Madan Siddharth, Chaudhuri Zia
Department of Ophthalmology, University College of Medical Sciences and Associated GTB Hospital, University of Delhi, New Delhi, India.
Department of Ophthalmology, Lady Hardinge Medical College and Associated Hospitals, University of Delhi, Dr. RML Hospital and ABVIMS, New Delhi, India.
Oman J Ophthalmol. 2022 Sep 16;15(3):363-365. doi: 10.4103/ojo.ojo_194_21. eCollection 2022 Sep-Dec.
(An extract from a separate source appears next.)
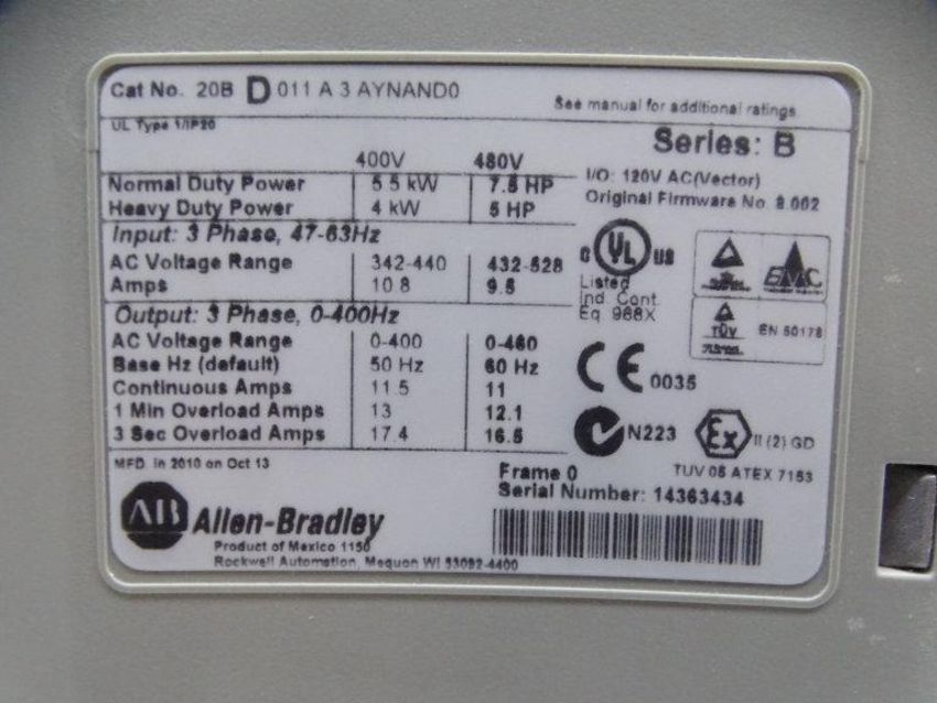 Refurbished ALLEN BRADLEY 20BD011A3AYNAND0 SERIES B DRIVE / Condition:Refurbished / Classification:Drive / Qty: 1

Incontinentia pigmenti (IP) is a rare neurocutaneous syndrome of X-linked dominant inheritance (1:40000 births in the Caucasian population) which is usually lethal in males. It commonly presents with skin, central nervous system, and dental anomalies. Ophthalmic associations of IP include intra-ocular anomalies such as leukocoria, megalocornea, corneal edema, band keratopathy, bullous keratopathy, iridocorneal attachments, macular capillary dropout, peripheral arteriovenous shunts, retinal neovascularization, vitreous hemorrhage, preretinal fibrosis, traction retinal detachment as well as strabismus. We report an 18-month-old developmentally delayed female child with diagnosed IP and infantile spasms conforming to the west syndrome triad, who presented with left eye microphthalmia and persistent hyperplastic primary vitreous and discuss this rare ophthalmic presentation.
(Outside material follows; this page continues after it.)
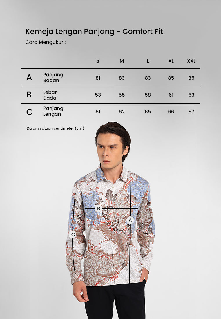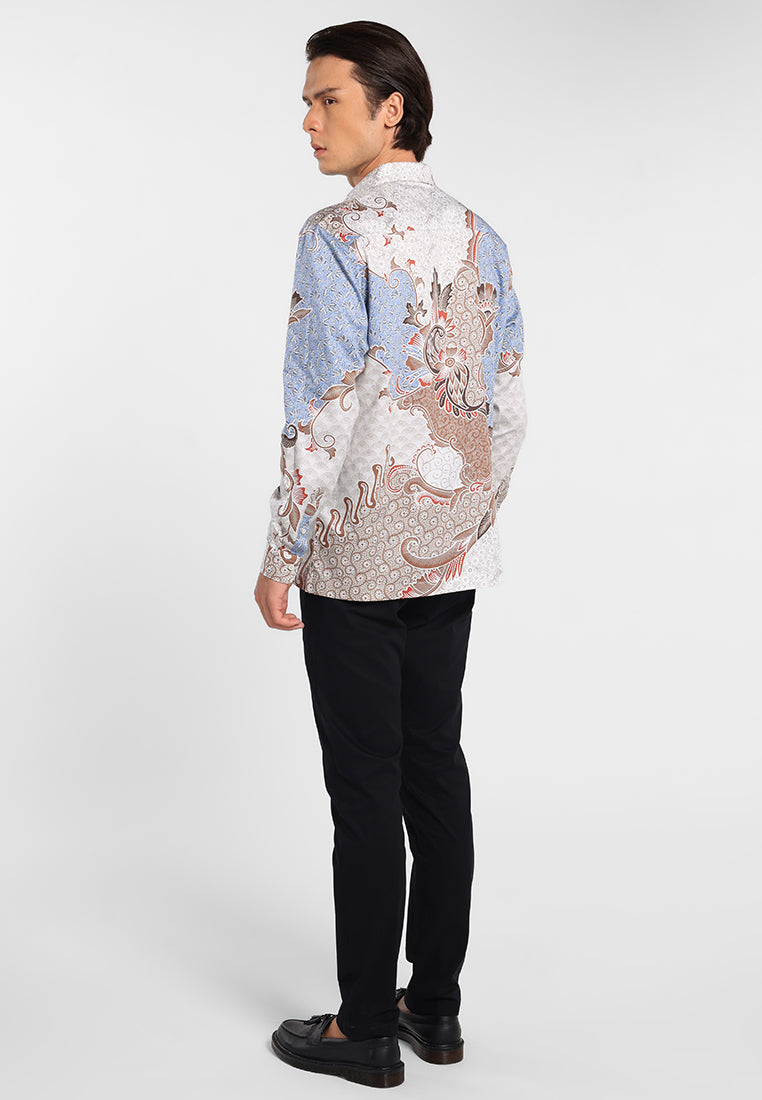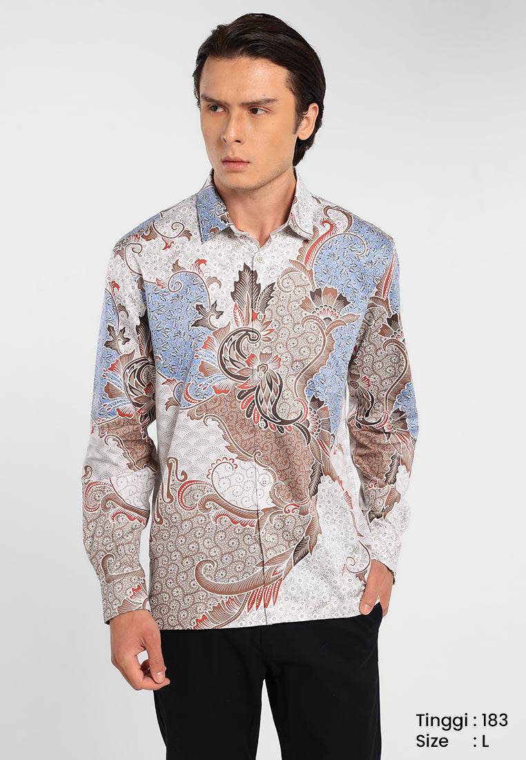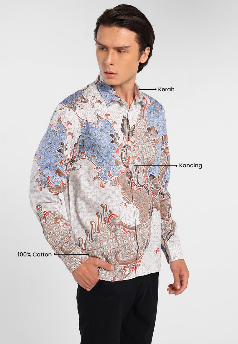 Kemeja batik lengan panjang dengan motif lung-lungan floral klasik yang menampilkan rangkaian sulur, daun, dan bunga stilisasi khas Nusantara dengan komposisi seimbang. Detail isen-isen tradisional memperkaya tampilan visual, sementara perpaduan warna abu-abu, biru keabu-abuan, dan aksen hangat menciptakan kesan elegan, dewasa, dan berkelas. Desain ini menghadirkan nuansa heritage dan ideal untuk penampilan formal maupun semi-formal dengan karakter eksklusif dan timeless.

色素失禁症(IP)是一种罕见的X连锁显性遗传神经皮肤综合征(在白种人人群中发病率为1:40000),男性通常致死。它常表现为皮肤、中枢神经系统和牙齿异常。色素失禁症的眼部相关表现包括眼内异常,如白瞳症、巨角膜、角膜水肿、带状角膜病变、大泡性角膜病变、虹膜角膜粘连、黄斑毛细血管缺失、周边动静脉分流、视网膜新生血管形成、玻璃体积血、视网膜前纤维化、牵拉性视网膜脱离以及斜视。我们报告一名18个月大发育迟缓的女童,诊断为色素失禁症并伴有符合韦斯特综合征三联征的婴儿痉挛症,该女童出现左眼小眼症和持续性增生性原发性玻璃体,并讨论了这种罕见的眼部表现。